Hydroacylation General

The reaction was discovered by K. Sakai in 1972 as part in a synthetic route to certain prostanoids.[2] The reagent in this reaction was tin tetrachloride. With an stoichiometric amount of Wilkinson's catalyst in chloroform, acetonitrile or benzene an equal amount of a cyclopropane was formed as the result of decarbonylation.

Hydroacylation Sakai 1972

The first catalytic application was reported by Miller in 1976 [3] in the reaction of 4-pentenal with Wilkinson's catalyst to form cyclopentanone. In this reaction the solvent was saturated with ethylene.
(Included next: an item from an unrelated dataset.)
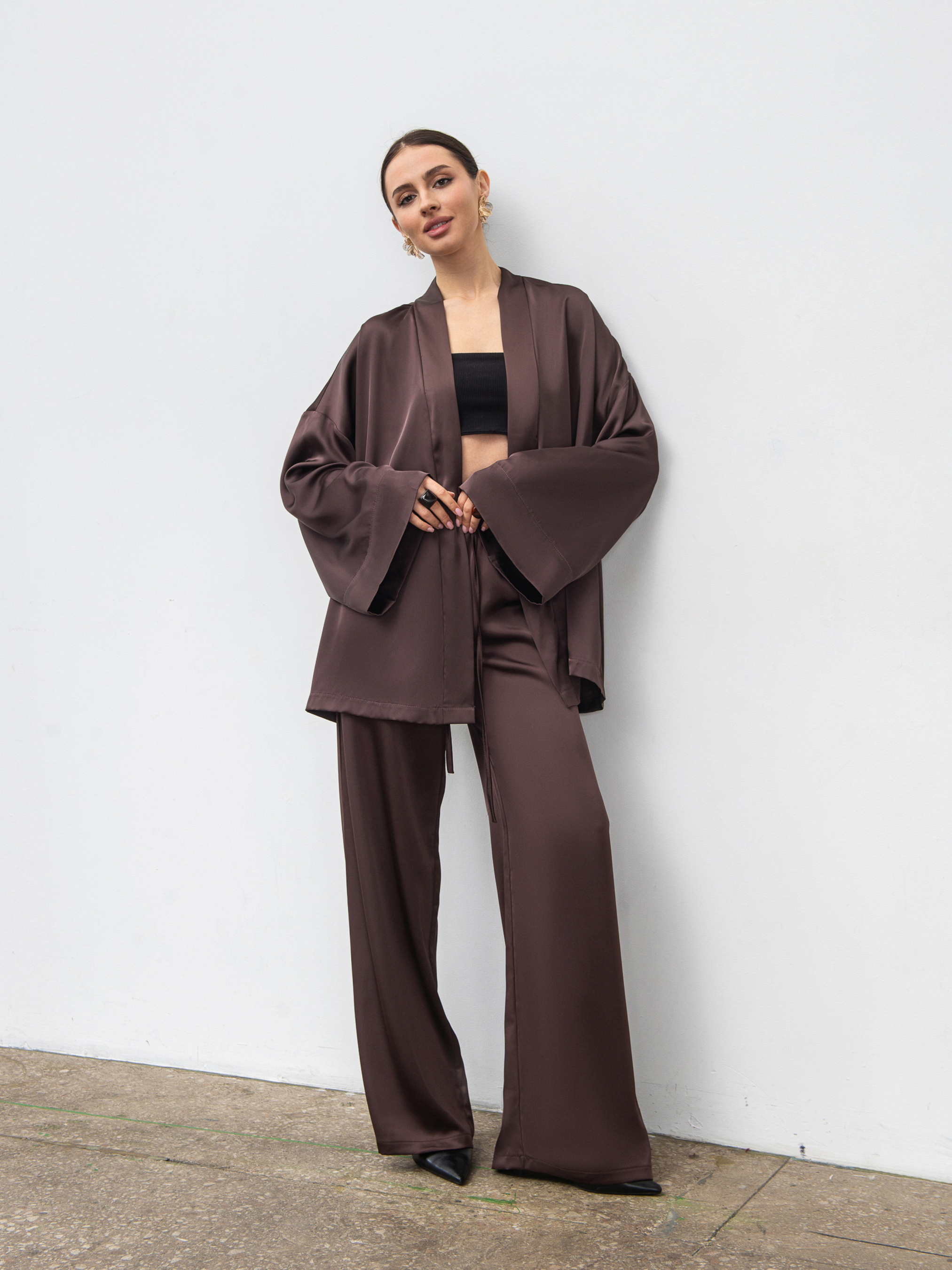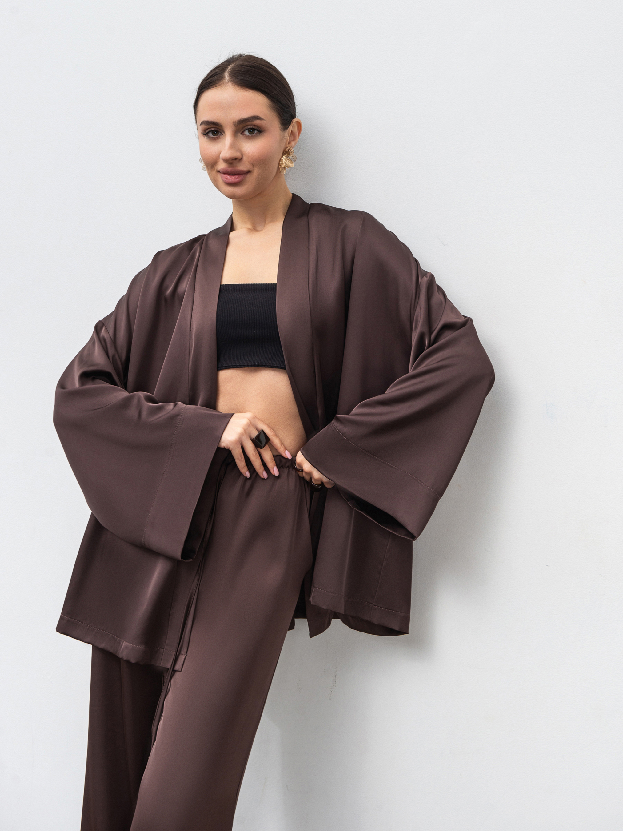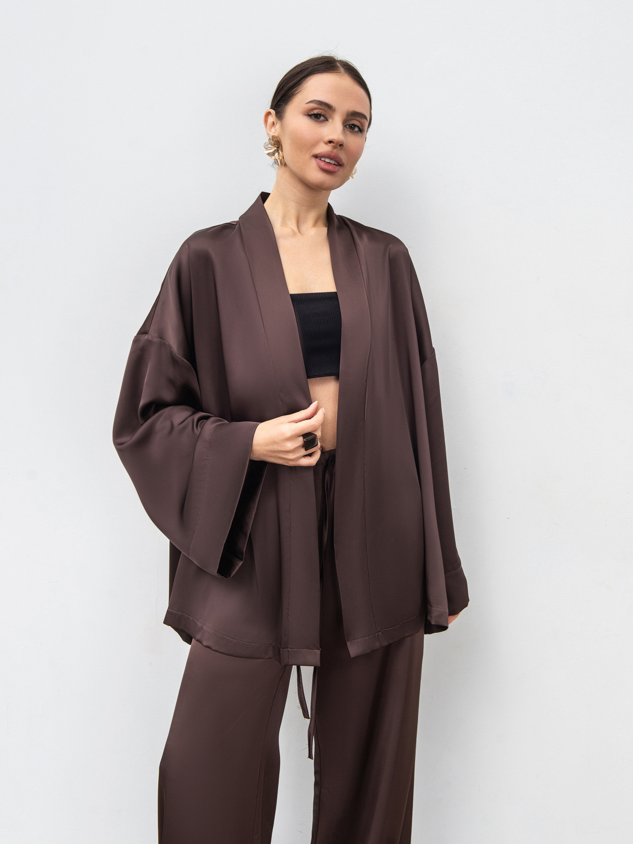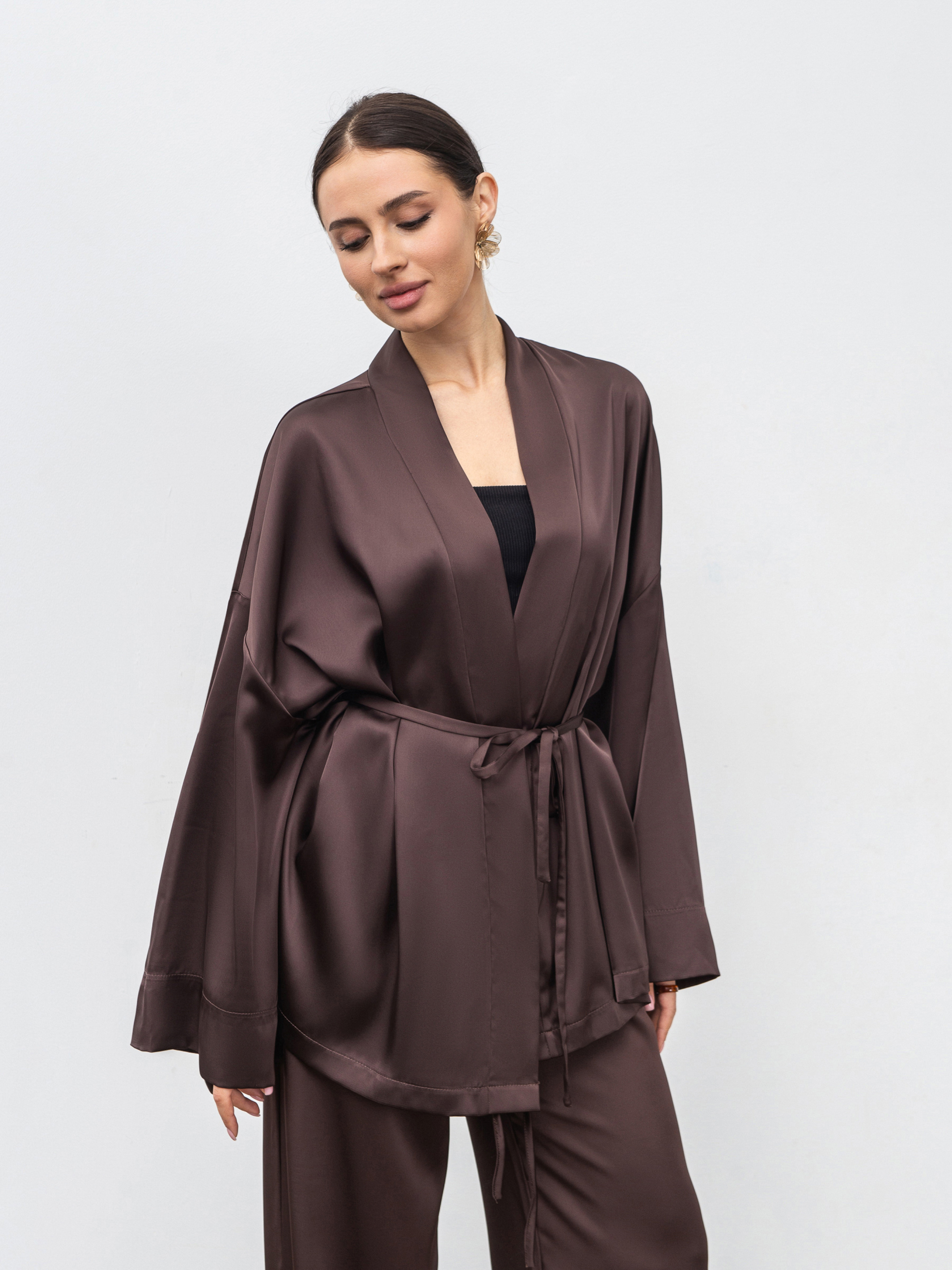 Укороченное кимоно из гладкого сатина - стильная и универсальная вещь для повседневных и вечерних образов. Изготовленное из проверенного материала (80% полиэстер, 20% вискоза), оно имеет мягкую шелковистую фактуру и деликатный блеск. Модель в свободном фасоне комплектуется длинным тонким ремешком-шнурком, который позволяет регулировать силуэт и создавать различные варианты посадки. Идеально сочетается с юбкой Сирена или брюками Пинка в оттенках шоколад или черный. Доступные цвета: шоколад, черный. Длина по спине: 75 см Длина рукава: 46 см Полуобхват груди: 67 см Полуобхват бедер: 70 см Плечи: 65 см Полуобхват талии: 68 см

Cyclopentanone Synthesis Miller

Cyclopentane ring-formation is favored, the reaction product of 5-pentenal is again a cyclopentanone. Another suitable catalyst is cationic rhodium compound Rh(dppe)ClO4

Reaction mechanism[edit]

In a general reaction mechanism step one in hydroacylation is oxidative addition of the metal into the aldehyde carbon-hydrogen bond followed by side-on addition of the alkene, then followed by reductive elimination. A lurking side-reaction is decarbonylation from the acyl metal hydride RCH2(CO)MH to the alkane RCH3 and M(CO) via the RCH2M(CO)H intermediate.

Hydroacylation reaction Mechanism

Asymmetric hydroacylation[edit]

Hydroacylation as an asymmetric reaction was first demonstrated by James and Young in 1983 (kinetic resolution) [4][5] and by Sakai in 1989 (true asymmetric synthesis) [6][7] both employing rhodium and a chiral diphosphine ligand. In one application the ligand is Me-DuPhos:[8]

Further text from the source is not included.